The inflation rate and slowing growth, coupled with the COVID-19 pandemic, the migrant crisis on the 670-kilometre Lithuanian-Belarusian border and the inevitable fallout to the country’s economy from sanctions against Russia and Belarus will certainly backfire on Lithuania’s Liberal-Conservative government, analysts say, although the blame game for now remains overshadowed by the war in Ukraine.

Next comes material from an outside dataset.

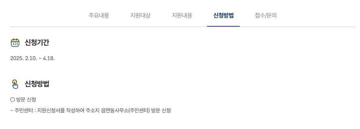 방문 신청 (읍·면·동 행정복지센터) : 2025년 2월 24일 ~ 3월 14일

“Indeed, paying a price for the COVID-19 pandemic, the policies it was implementing and, now, for fallout from the war is inevitable [for the government]. Once the war in over, all the attention will be on the economy, which, judged by most by the prices on the shelves, does not look very good,” Vytautas Dumbliauskas, associate professor of Vilnius-based Mykolas Romeris University, tells bne IntelliNews.

The liberal-Conservative Lithuanian government has put together a plan to alleviate the effects of inflation. The government has announced it will increase pensions, social benefits, tax-exempt income and child allowances. It is also offering subsidies on heating and for household electricity consumers. Observers say, however, more effort may be needed within months – and it may have to include measures that the government rejects today, such as pegging salaries to inflation.